106  

If you have an ES2015 environment (as of this writing: io.js, IE11, Chrome, Firefox, WebKit nightly), then the following will work, and will be fast (viz. O(n)):

如果您有一个ES2015环境（截至撰写本文时：io.js，IE11，Chrome，Firefox，WebKit），那么以下内容将会起作用，并且速度很快（即O（n））：

function hasDuplicates(array) {
    return (new Set(array)).size !== array.length;
}

If you only need string values in the array, the following will work:

如果您只需要数组中的字符串值，则以下内容将起作用：

function hasDuplicates(array) {
    var valuesSoFar = Object.create(null);
    for (var i = 0; i < array.length; ++i) {
        var value = array[i];
        if (value in valuesSoFar) {
            return true;
        }
        valuesSoFar[value] = true;
    }
    return false;
}

We use a "hash table" valuesSoFar whose keys are the values we've seen in the array so far. We do a lookup using in to see if that value has been spotted already; if so, we bail out of the loop and return true.

我们使用“哈希表”valuesSoFar，其键是我们到目前为止在数组中看到的值。我们使用in进行查找以查看是否已经发现该值;如果是这样，我们会退出循环并返回true。

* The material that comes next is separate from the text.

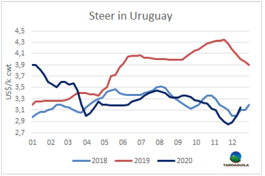 阿根廷牛價飆升,成為南美地區(qū)牛價最高的國家,這是自2017年至今三年來從未發(fā)生過的事情。本周育肥閹牛供應短缺再次推高價格。包含出口稅的美元價格3.39美元/公斤,較上周上漲了8美分。烏拉圭閹牛價格也由于供應短缺大幅上漲,本周成交價3.15美元/噸。恰恰相反,巴拉圭和巴西的牛價下行,本周巴西牛價按雷亞爾計下跌了5%,雷亞爾0.7%的升值部分抵消了雷亞爾價格的下行。巴西中央銀行表示,即將放棄將參考利率保持在最低水平的承諾,目前美元雷亞爾匯率為5.育成牛平均價格本周下跌了14美分至3.22美元/公斤。巴拉圭方面育成牛價格下跌至2.7美元/公斤。因此,南方共同市場閹牛價格指數(shù)下跌了5美分,下跌至3.2美元/公斤。

If you need a function that works for more than just string values, the following will work, but isn't as performant; it's O(n²) instead of O(n).

如果你需要一个不仅仅是字符串值的函数，下面的方法就可以了，但效果不是很好;它是O（n2）而不是O（n）。

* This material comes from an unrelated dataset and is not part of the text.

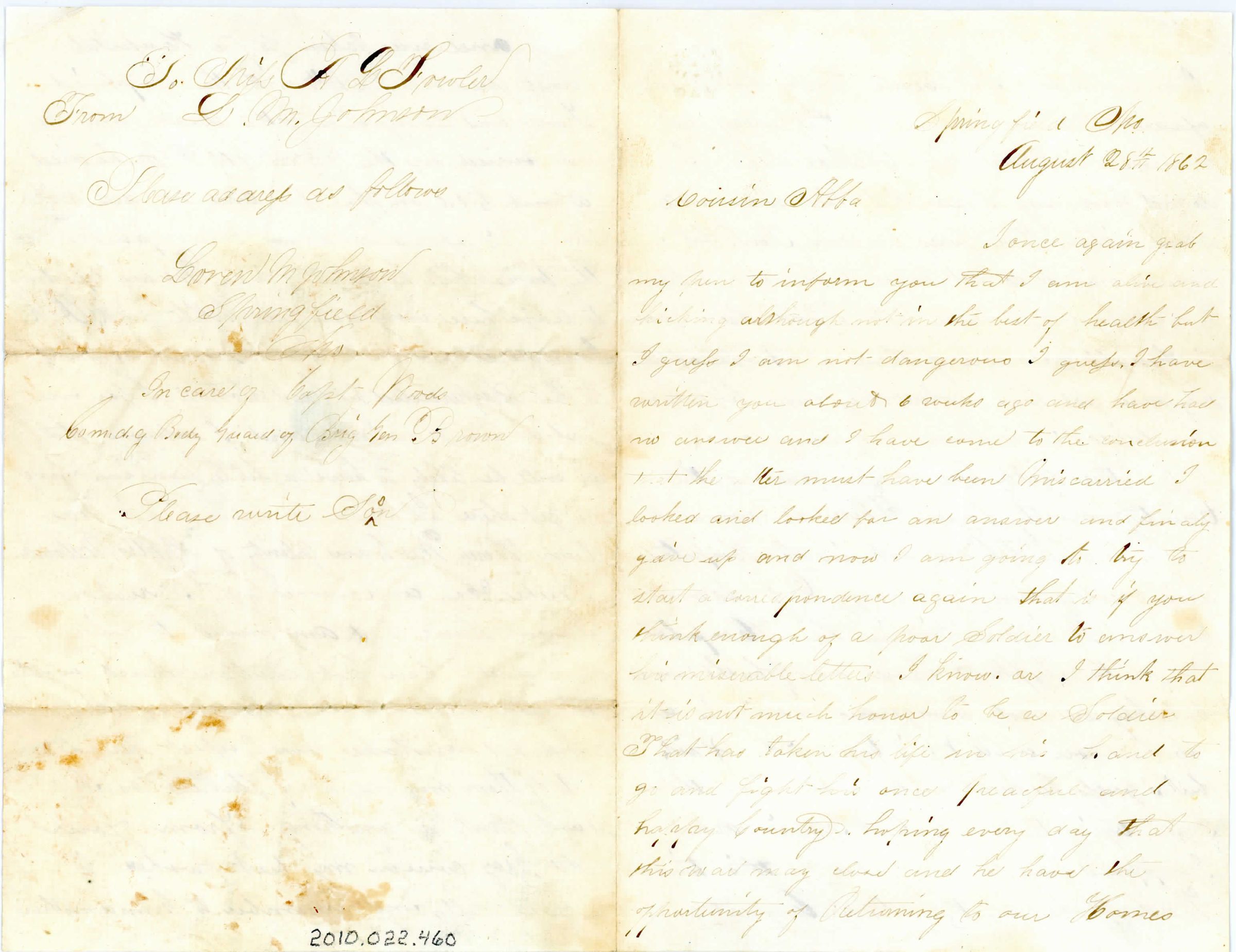 Single sheet of paper folded in half to create four pages of correspondence. There is a stamp in the top left corner of the first page of a floral design with "O&H" below it. The letter is addressed "Springfield, Mo, August 28th 1862. Cousin Abba..." and signed "To Mifs A. L. Fowler. From L. M. Johnson. Please address as follows: Loren M. Johnson, Springfield, Mo. In care of Capt Woods. Comdg. Body Guard of Brig Gen. Brown. Please write soon". It talks about his health and the war.Collection

function hasDuplicates(array) {
    var valuesSoFar = [];
    for (var i = 0; i < array.length; ++i) {
        var value = array[i];
        if (valuesSoFar.indexOf(value) !== -1) {
            return true;
        }
        valuesSoFar.push(value);
    }
    return false;
}

The difference is simply that we use an array instead of a hash table for valuesSoFar, since JavaScript "hash tables" (i.e. objects) only have string keys. This means we lose the O(1) lookup time of in, instead getting an O(n) lookup time of indexOf.

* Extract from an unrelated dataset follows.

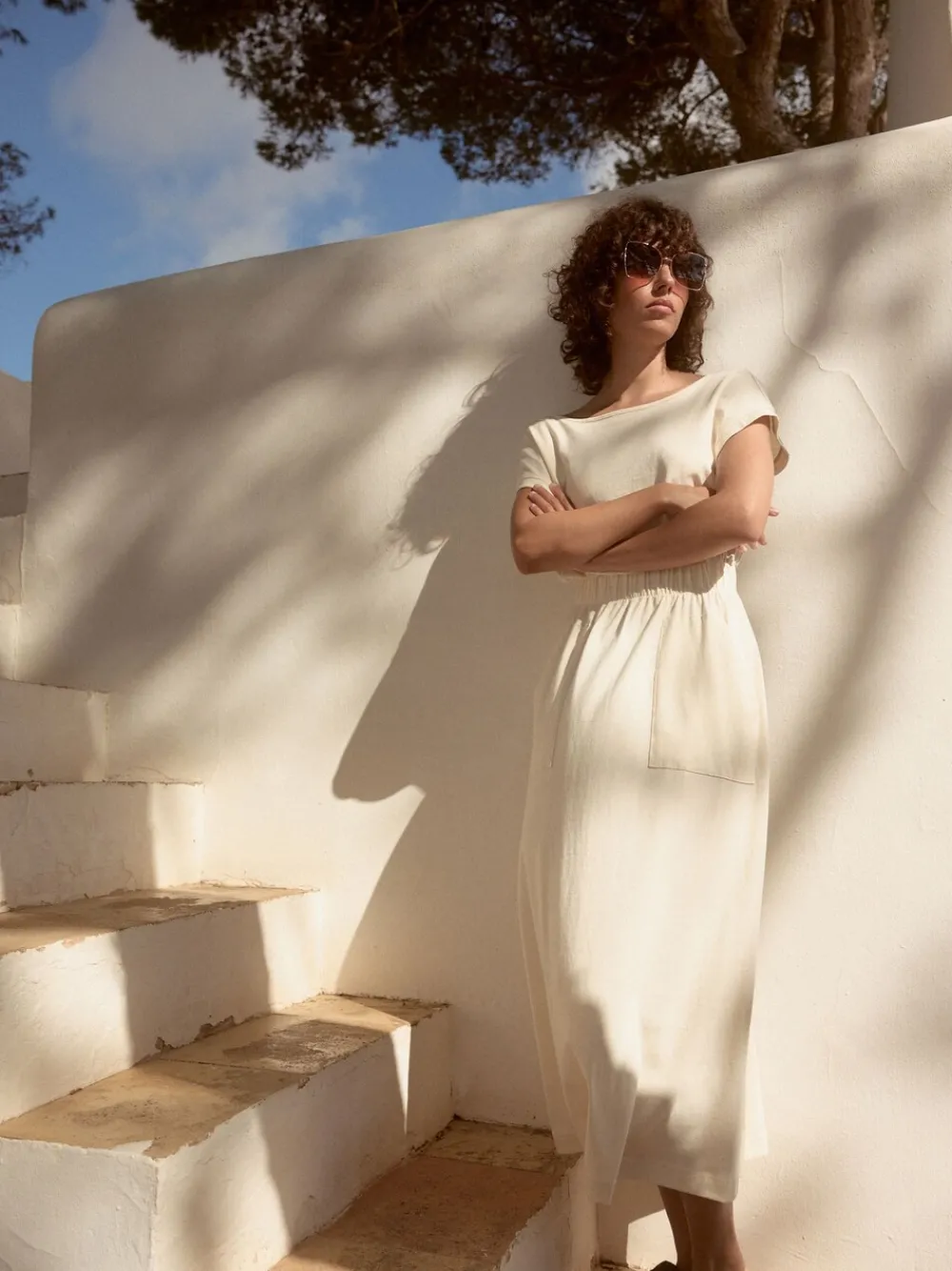 Deze chic-casual 100% crèmekleurige jurk heeft een T-shirtvormig lijfje met korte kapmouwen, een ronde kraag, een elastische, geplooide taille en opgestikte zakken in utility-stijl, afgewerkt met een midi-rok. Regular fit T-shirt lijfje 100% katoen Ronde kraag Opgestikte zakken Elastische tailleband Machinewasbaar. 100% katoen. Artikelen met het curve-logo zijn verkrijgbaar in de maten 18 en groter. Onze tall collectie is ontworpen om te passen bij vrouwen van 5’10” en langer. Dit is verhoudingsgewijs vergroot door het lichaam, de benen en de mouwen om de perfecte pasvorm te bereiken. Verkrijgbaar in maat 8-20.

不同之处在于我们使用数组而不是hashSoFar的哈希表，因为JavaScript“哈希表”（即对象）只有字符串键。这意味着我们丢失了in的O（1）查找时间，而不是获得indexOf的O（n）查找时间。

2  

Another approach (also for object/array elements within the array¹) could be²:

另一种方法（也适用于array1中的对象/数组元素）可以是2：

function chkDuplicates(arr,justCheck){
  var len = arr.length, tmp = {}, arrtmp = arr.slice(), dupes = [];
  arrtmp.sort();
  while(len--){
   var val = arrtmp[len];
   if (/nul|nan|infini/i.test(String(val))){
     val = String(val);
    }
    if (tmp[JSON.stringify(val)]){
       if (justCheck) {return true;}
       dupes.push(val);
    }
    tmp[JSON.stringify(val)] = true;
  }
  return justCheck ? false : dupes.length ? dupes : null;
}
//usages
chkDuplicates([1,2,3,4,5],true);                           //=> false
chkDuplicates([1,2,3,4,5,9,10,5,1,2],true);                //=> true
chkDuplicates([{a:1,b:2},1,2,3,4,{a:1,b:2},[1,2,3]],true); //=> true
chkDuplicates([null,1,2,3,4,{a:1,b:2},NaN],true);          //=> false
chkDuplicates([1,2,3,4,5,1,2]);                            //=> [1,2]
chkDuplicates([1,2,3,4,5]);                                //=> null

See also...

也可以看看...

¹ needs a browser that supports JSON, or a JSON library if not.
²edit: function can now be used for simple check or to return an array of duplicate values

1需要支持JSON的浏览器，否则需要JSON库。 2编辑：现在可以使用函数进行简单检查或返回重复值数组

-2  

Well I did a bit of searching around the internet for you and I found this handy link.

好吧，我为你做了一些互联网搜索，我找到了这个方便的链接。

Easiest way to find duplicate values in a JavaScript array

在JavaScript数组中查找重复值的最简单方法

You can adapt the sample code that is provided in the above link, courtesy of "swilliams" to your solution.

您可以调整上述链接中提供的示例代码，由“swilliams”提供给您的解决方案。